Analyst's Take
The firm noted that the company has locked up video content distribution rights with its DIRECTV deal. Nevertheless, Argus indicated that the company is facing intensive price competition from T-Mobile US Inc TMUS and Sprint Corp S for both high-end postpaid and lower-value prepaid subscribers. This, according to the firm, has necessitated the need for diversifying into satellite video and Mexico/South America.
Although Bonner sees risks from exchange rate, he sees the expansion as an opportunity for upgrading its Mexican wireless networks to 4G LTE. The analyst sees the DTV integration, the current spectrum auction and the advent of 5G wireless as avenues that can keep the company occupied.
Quarterly Results
Commenting on the recently released second-quarter results, Argus said the 22 percent revenue outperformance came about due to the DIRECTV deal that materialized in July 2015 and that cost reductions and efficiency improvements drove a 30 basis point-improvement in operating margins to 20.1 percent.
For 2015–2018, Argus noted that AT&T expects revenue growth equal to GDP growth, EPS growth in the mid-single digits or better, higher consolidated margins and a dividend payout ratio in the 70 percent range.
The company's financial strength is rated as Medium on Argus' five-point scale.
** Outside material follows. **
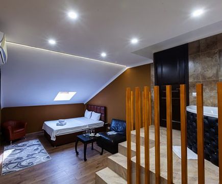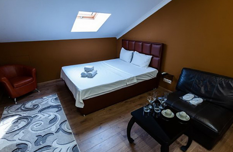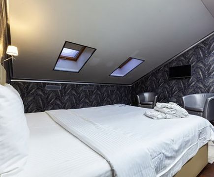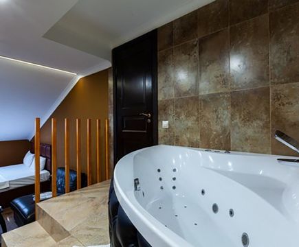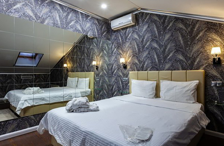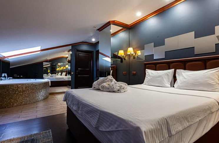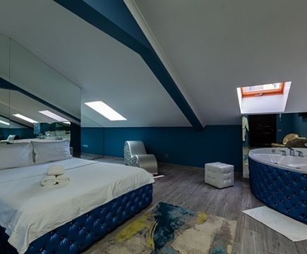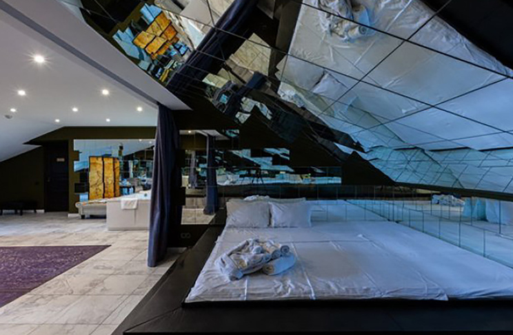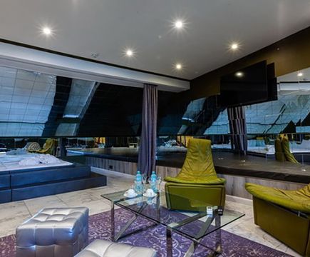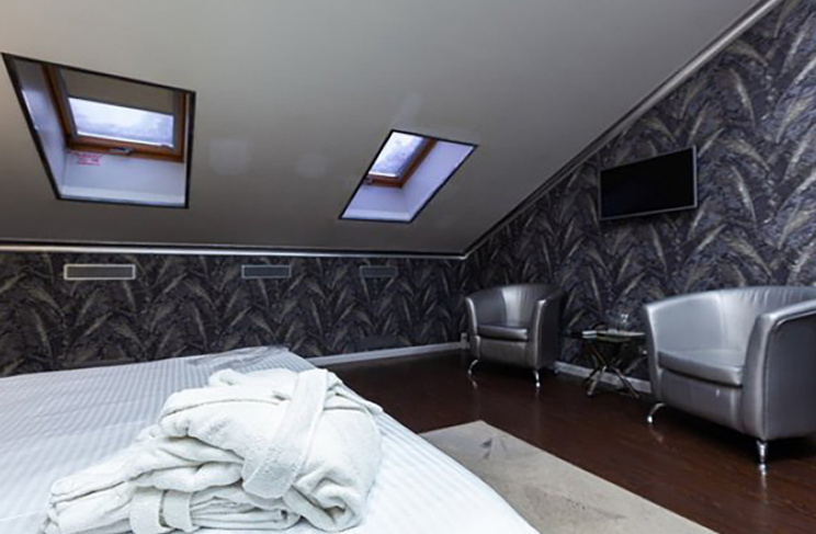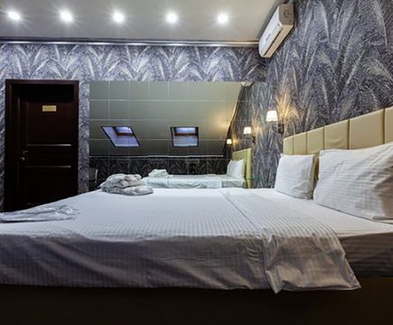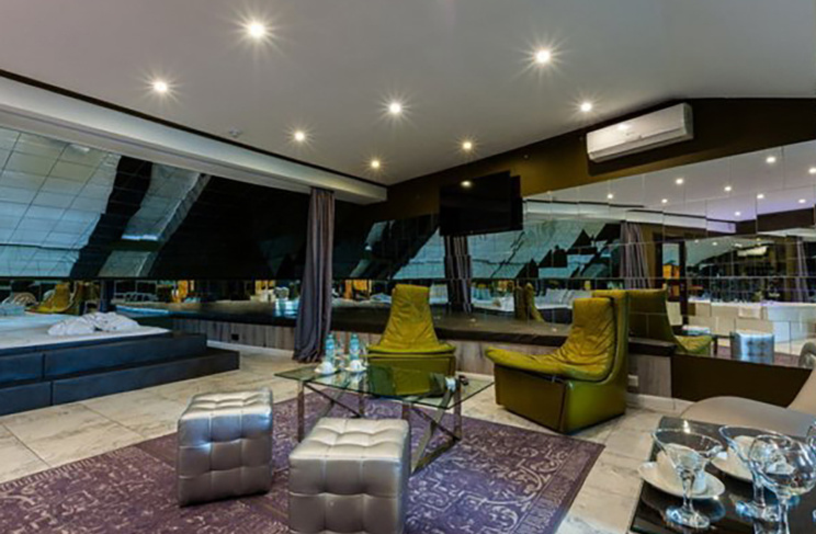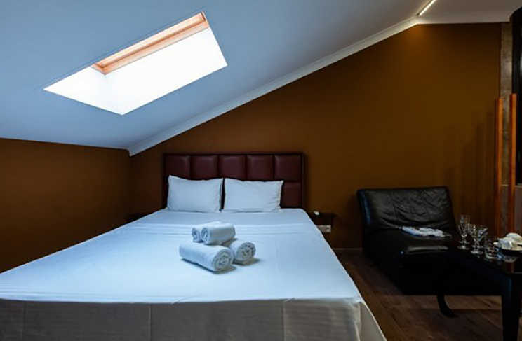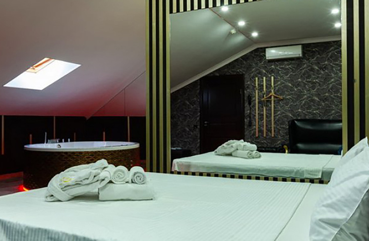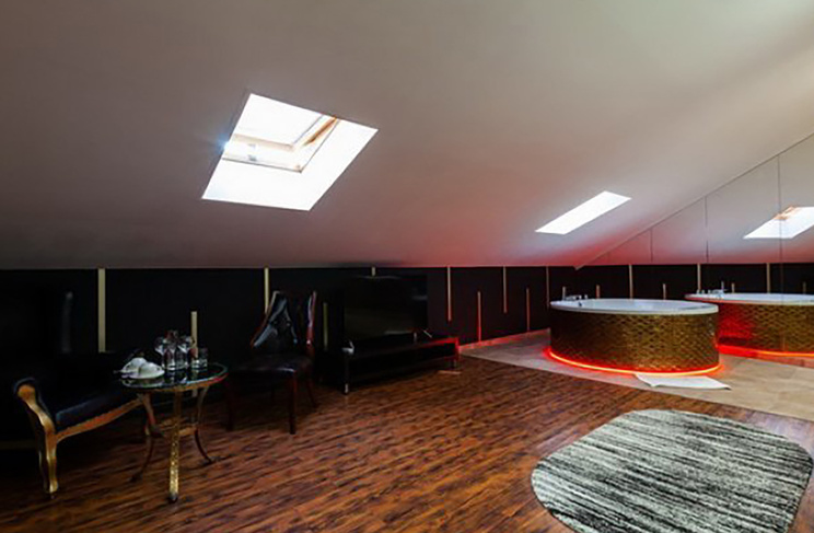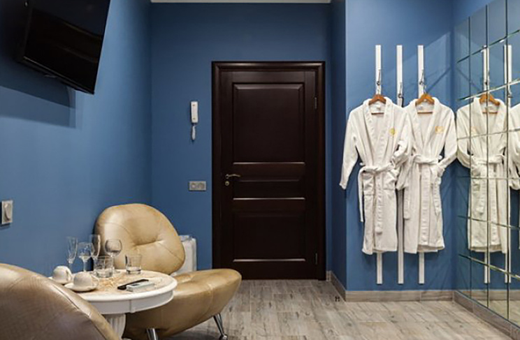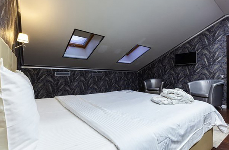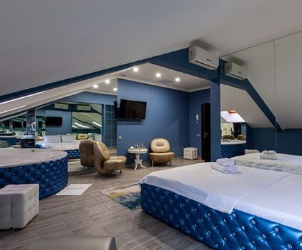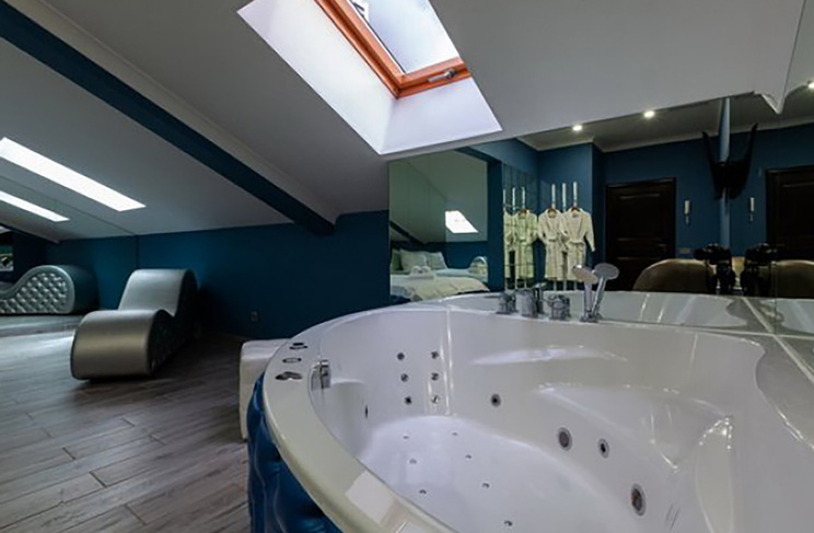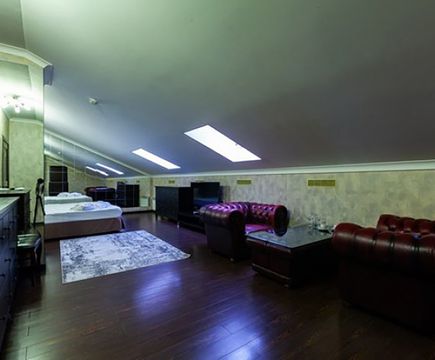 Апартаменты включают 10 помещений: 4 люкса в стиле хай-тек с прямоугольными двуспальными кроватями с кожаным изголовьем, мебелью из натуральных материалов и мансардными окнами; 2 стандарта — это вместительная комната в духе «ампир» и уютный уголок с чертами «минимализма»; 2 люкса с джакузи в разном цветовом наполнении: один в спокойной сине-голубой гамме, другой — в торжественной черно-золотой обстановке. Уникальный De Lux c освещением — имитацией звездного неба, зеркальным потолком, и английский люкс с мозаичным джакузи представлены в современном стиле «модерн» с элементами направления лофт. В каждом номере есть мини-бар. Возможно использование просторных помещений для проведения фотосессии, дружеских вечеринок и романтических свиданий влюбленных. Воспользоваться услугами отеля могут и новобрачные, роскошная мебель, мозаика и интерьерные детали в духе ампир и лучших традиций классики подарят уют и незабываемые впечатления посетителям.
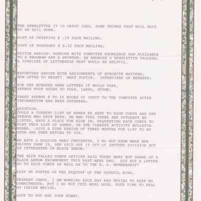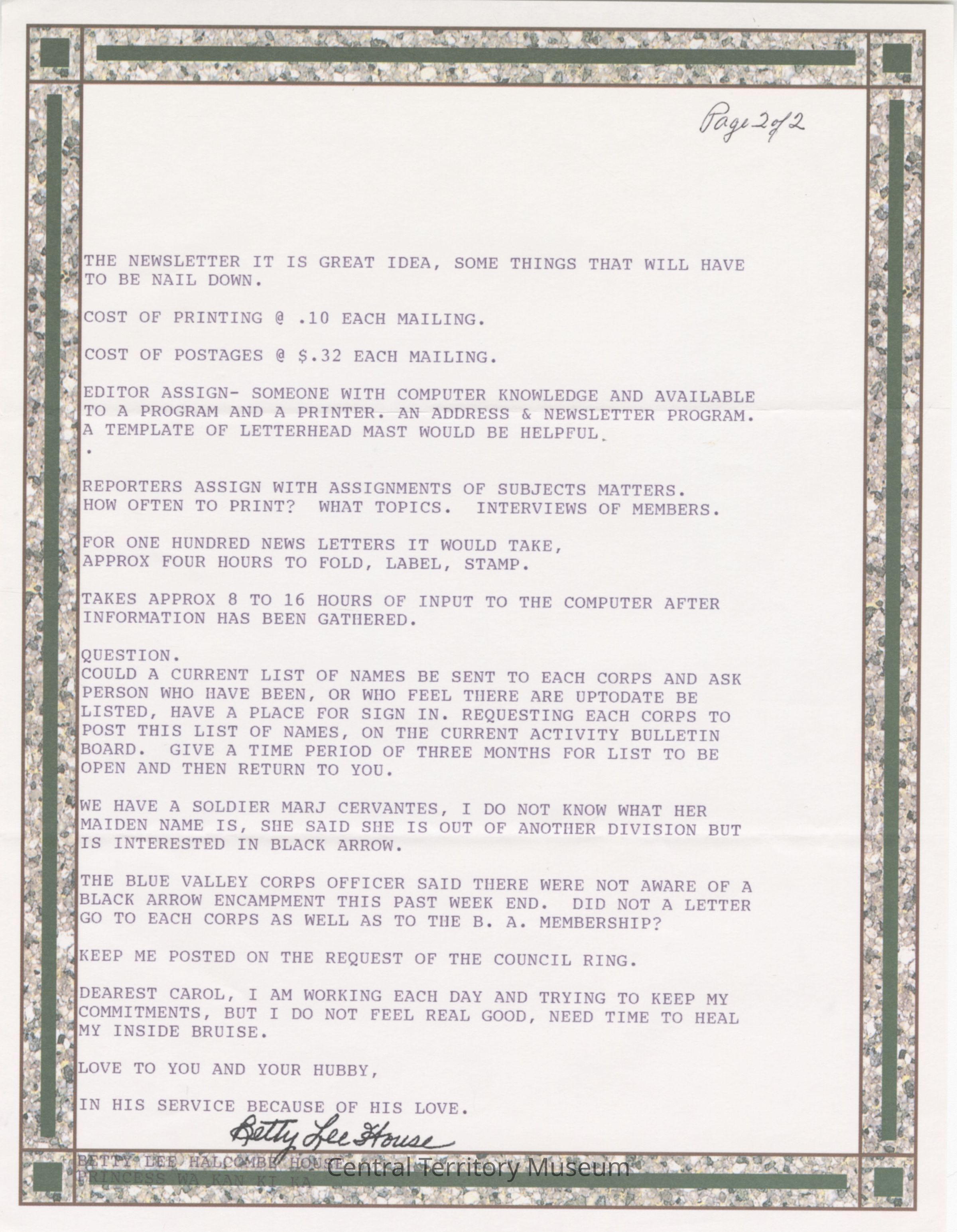 White, green, and blue correspondence letter. The boarder of the letter is green and brown with a marble-like design around the edges of the letter. The letter was written by Betty Lee House who is an Order of the Black Arrow member and the lead for the Black Arrow newsletter who attended the Black Arrow encampment at Camp Mo-Kan in the Kansas and Western Missouri Division from May 26th and 27th, 1995. The letter was to Captain Carol Lemirand in the Salina, KS Corps dated May 31st, 1995. The letter is a thank you letter to Captain Lemirand for organizing the Black Arrow encampment. On the first page of the letter, she details the events of how she got into a car crash on the way to the encampment. On the second page she lists ideas and questions for the creation of a Black Arrow newsletter.

While noting that AT&T has outperformed the S&P 500 Index in the year-to-date period, Argus said the shares are still trading below the low end of its five-year average range for trailing enterprise value/EBITDA and below its peer group average of 7.9.
Argus raised its 2016 earnings per share estimate for the company to $2.87 from $2.85, while the 2017 earnings per share estimate was maintained at $3.01. The firm also upwardly adjusted its price target for the shares of the company to $51 from $45.
At time of writing, AT&T shares were trading down 0.82 percent at $42.76.